Als nächstes habe ich mich damit abgefunden, dass ich mich nicht immer räumlich abgrenzen kann. Manchmal bedarf es einer gewissen inneren Stabilität. Einer Stärke, die auf Erfahrung und Gewissheit beruht, dass ich Alkohol auch eine Zeit ignorieren kann. Und ich kann auch ablehnen, sollte er mir angeboten werden. In einer Gesellschaft, bei der der Alkoholgenuss als Kulturgut definiert wird, muss ich dies gelegentlich aushalten können. Aber frei nach James Bond ist es ebenso bedeutsam, sich immer einen Fluchtweg offenzuhalten.
Ich muss wachsam und empfindsam mit mir sein. Wenn ich an diesem Tag das Gefühl, dass ich das alles nicht leisten kann, muss ich auch verzichten und ggfls. die Feier auch verlassen können. Neujahr in der Entgiftung wäre für den Jahresbeginn kein gutes Omen, oder?
Eine dritte Option konnte ich auch noch verändern. Und zwar die Art und Weise des Feierns selbst. Beim Kochen bin ich raus. An Silvester hatte ich mir zu sehr den biolekschen Style angeeignet: „Oh, und wie das riecht. Und dazu ein leckeres Glas Chardonnay.“ Heutzutage ist sowieso eher Raclette angesagt. Punkt für mich! Die Partyzeit war mal. Wenn Alexa 80er spielt und dazu spielen wir eine Runde Montagsmaler und Quatschen, dann ist es auch schön. Zweiter Punkt für mich! Auf Knallen lässt sich gut verzichten und Anstoßen klappt auch gut mit Senfberliner und Kaffee. Dritter Punkt für mich!
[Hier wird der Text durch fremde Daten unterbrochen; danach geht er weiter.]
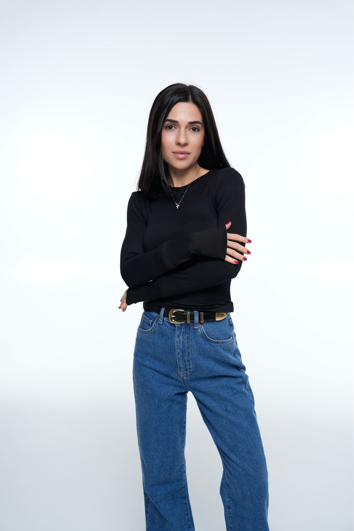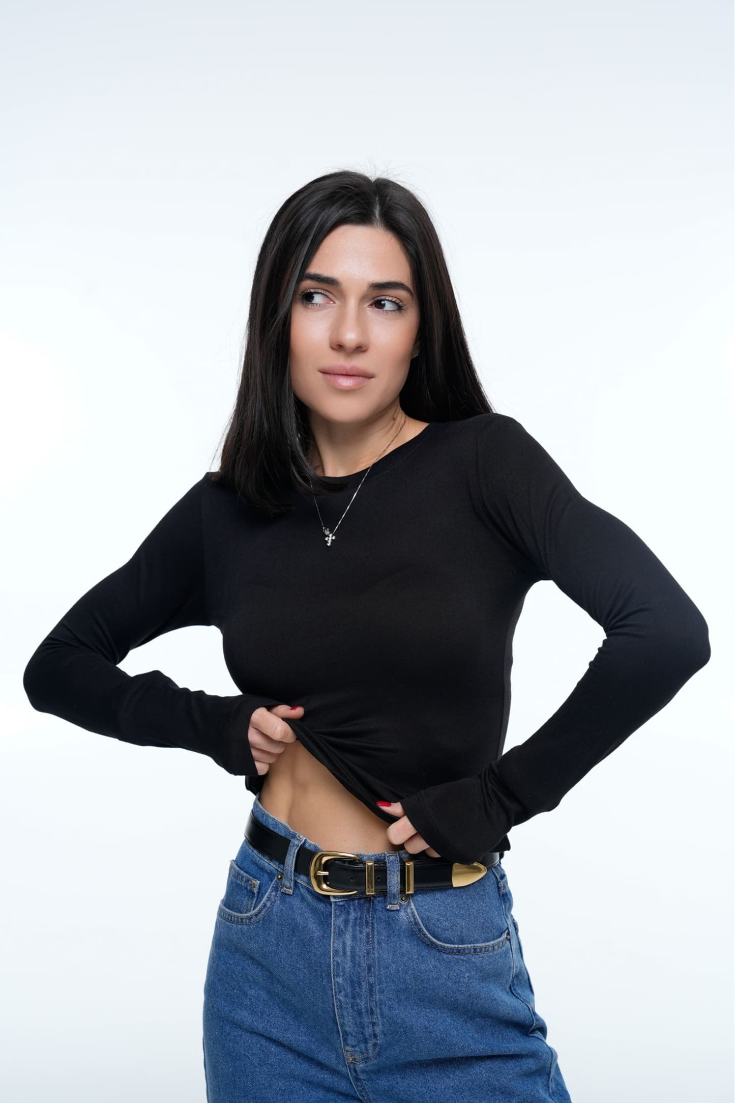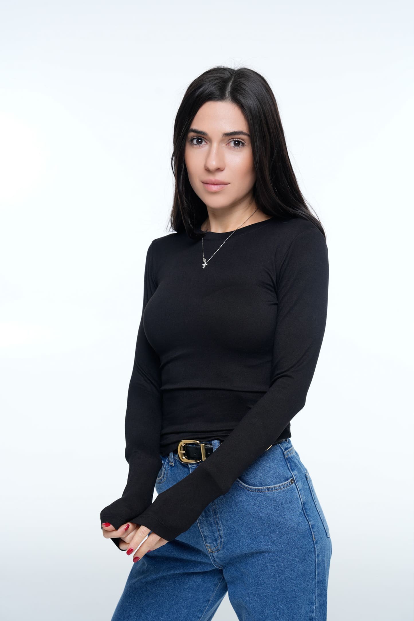Лонгслів Pure Smooth Black виконаний із м’якої, приємної до тіла трикотажної тканини, що поєднує віскозу, поліестер та еластан. Матеріал гладкий, еластичний і щільно лягає по фігурі, підкреслюючи силует без дискомфорту. Модель має класичний круглий виріз, довгі облягаючі рукави з подовженою манжетою, що акуратно формує лінію кисті (видно на фото).

Und so verändert sich sukzessive der Rahmen, aber das Bild bleibt gleich. Und aus dem Alkoholbuddy wird dieser eine Gast, den ich nicht mag, weil ich absolut nichts mit ihm gemeinsam habe. Wir sagen „Hallo“ und „Tschüss“ und nehmen ansonsten auch nicht weiter Kenntnis voneinander. Jeder bleibt in seiner Ecke. Mich haut‘ der Typ jedenfalls nicht mehr aus den Socken.
We’ll have port with the fruits
Und ich finde, dass das ganz schon viel ist, um an einem Ereignis teilzunehmen, was so eine starke Symbolik für mich hat. Und es trägt mich nun schon seit sieben Jahren durch diverse Anlässe. Mittlerweile schaue ich mit einer gewissen Selbstironie zurück und sehe meine Verwandlung von James zu Miss Sopie. Abstinenz bedeutet eben nicht das Abgrenzen von dem, was mir früher unter Alkohol so viel Spaß gemacht hat. Abstinenz bedeutet die Freiheit es auszuprobieren und die Fähigkeit mich Abzugrenzen, wenn das Ausprobieren nicht so klappt, wie ich es für meine Gesundheit brauche. Dieses Handeln hat nichts Feiges, sondern es ist ein Bewusstsein – ein Bewusstsein der Stärke.
Und auch hier möchte ich abschließend hervorheben, dass Abstinenz etwas sehr Individuelles ist. Dies ist meine Sicht auf Silvester und meine Art und Weise damit umzugehen. Der Jahreswechsel ist für den einen nur ein Tag. Und für den anderen ist Feier gleich Feier. Und so birgt jede die gleich Rückfallgefährdung. Für den nächsten ist abstinent zu feiern überhaupt gar kein Problem, weil der Missbrauch von Suchtmitteln ganz andere Gründe hatte.
Mir persönlich hatte es sehr geholfen, dass ich meine Empfindungen in meinem Leben auseinandergepuzzelt habe und ich versucht habe zu verstehen, warum ich bestimmte Dinge mag und andere wiederum nicht. Ich lerne jeden Tag etwas von mir und vermutlich werde ich damit wohl nie ganz fertig werden.